Moreover, there is still a lack of research accounting for the impact of aid remittance practices on destination nations (see Grabowska and Garapich 2016 for an exception). Here, it would not only be interesting to follow up on how the small-scale projects studied here have been sustained over time, but also explore whether and how they “scale out” to other domains, or whether they “scale up” from the local level to a national level (see for instance White and Grabowska 2019 with regard to Poland). Additionally, research efforts are needed to refine the analytical tools suitable to understand how dynamics of economic, social, and political remittance practices interrelate. Parallels and interactions between financial transfers and social remittances in the context of Moldova are certainly ripe for further investigation (see for instance Meseguer et al. 2016 with regard to Latin America).

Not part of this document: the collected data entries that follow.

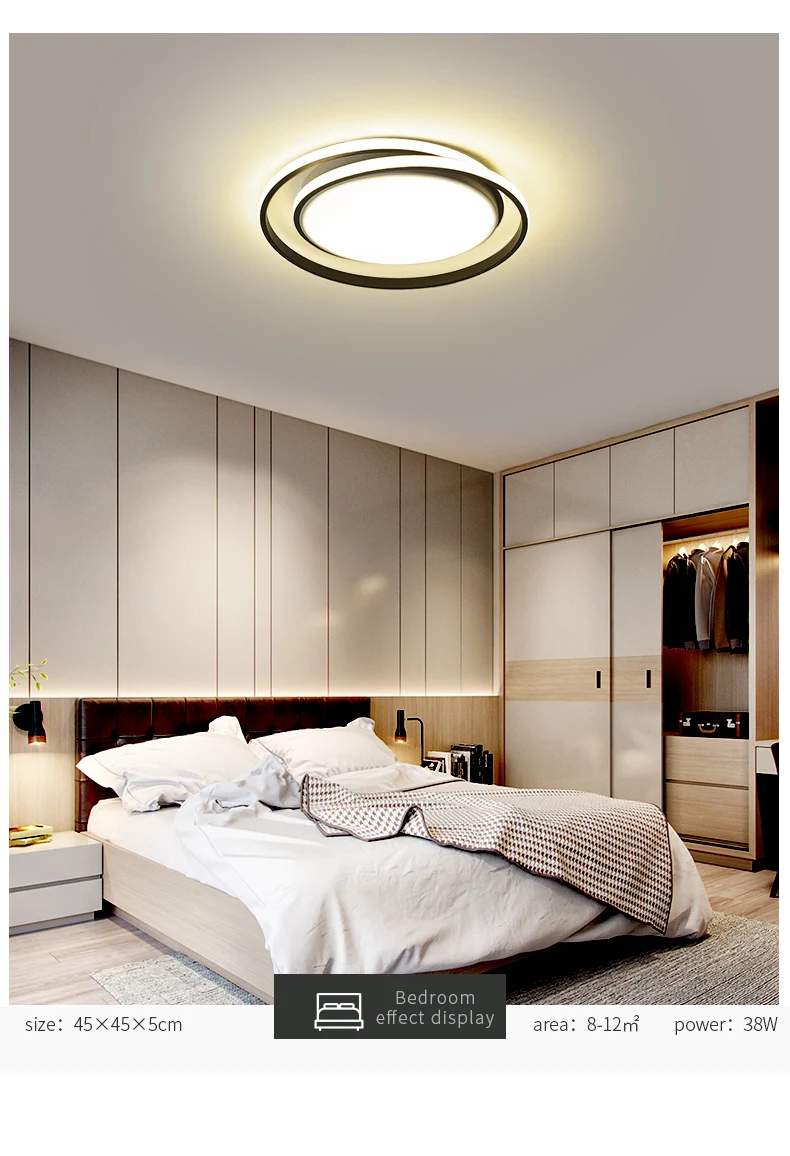 Светодиодный потолочный светильник, лампа для спальни, столовой, кабинета, круглсветильник лампы для освещения дома, 110 В, 220 В переменного тока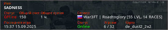 Играет на Counter Strike 1.6 сервере. Страна: РоссияПервый раз замечен 22:55 06.09.2025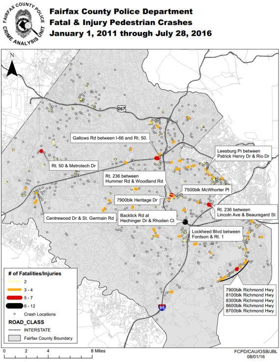 Fairfax County Police announced a "Street Smart Traffic Safety Initiative" aimed at reducing pedestrian injuries and fatalities, and released a map showing where crashes involving injury to a pedestrian have happened in the county between Jan. 1, 2011 and July 28, 2016. The Traffic Division Crime Analyst identified 11 areas where there has been a higher incidents of pedestrian fatal or serious injury crashes over that period, and none of them are anywhere near the Reston or Herndon areas.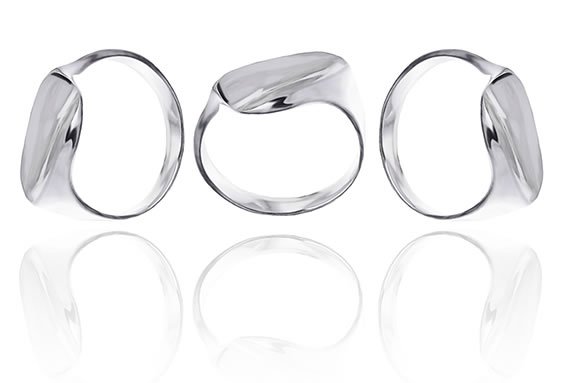 Pierścionek w całości wykonany z najwyższej jakości srebra próby 925. Przód pierścionka osiąga wysokość 10mm i 2,5mm grubości. Wysokość obrączki od 3 do 4,5 mm (rozszerza się ku przodowi). Całkowita waga pierścionka: 2,3g.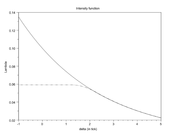 某一些公式要求这种强度函数可以连续两次微分,这种易处理性是一个好且合理的预设,但最终也是没有必要的。此外,还有各种各样的公式来计算「距离订单簿顶部的深度或距离」。你通常既可以使用「合理的中间价」,也可以使用从各个角度出发的所谓最佳买价和最佳卖价。这两种方法存在不同的权衡取舍,我们在这里就不讨论了。

Ultimately, the findings point to intra-European specificities of the migration-transformation nexus, namely the migrants’ motivation to engage in transnational practices to connect their marginalized country with Europe. In this context, the impact of Moldova’s territorial factors upon migrants’ cross-border engagements calls for an analytical approach that goes beyond the Moldovan national space as an “integral spatio-temporal isolate” (Marcus 1998, p. 178), separated from surrounding Europe, as commonly conceptualized in formal migration-development policies (CIM/GIZ 2012). To advance this line of inquiry, I suggest re-embedding the remittance literature into the broader research agenda of migration and social change (Meeus 2016; Van Hear 2010) and to look at Moldova’s transformation and migrants’ transnational ties as a part of European migration and intra-European social inequalities. However, besides all these considerations, we should not forget that we are living in a time of hostile migration policies involving measures of increased surveillance of borders, mass deportations, and denials of long-standing legal rights of asylum. On a global scale, these measures are threatening financial remittance flows and migrants’ ability to engage in other forms of solidarity practices toward their home countries which global financial institutions and development agencies have proclaimed as stable over a long period of time (Glick Schiller 2020).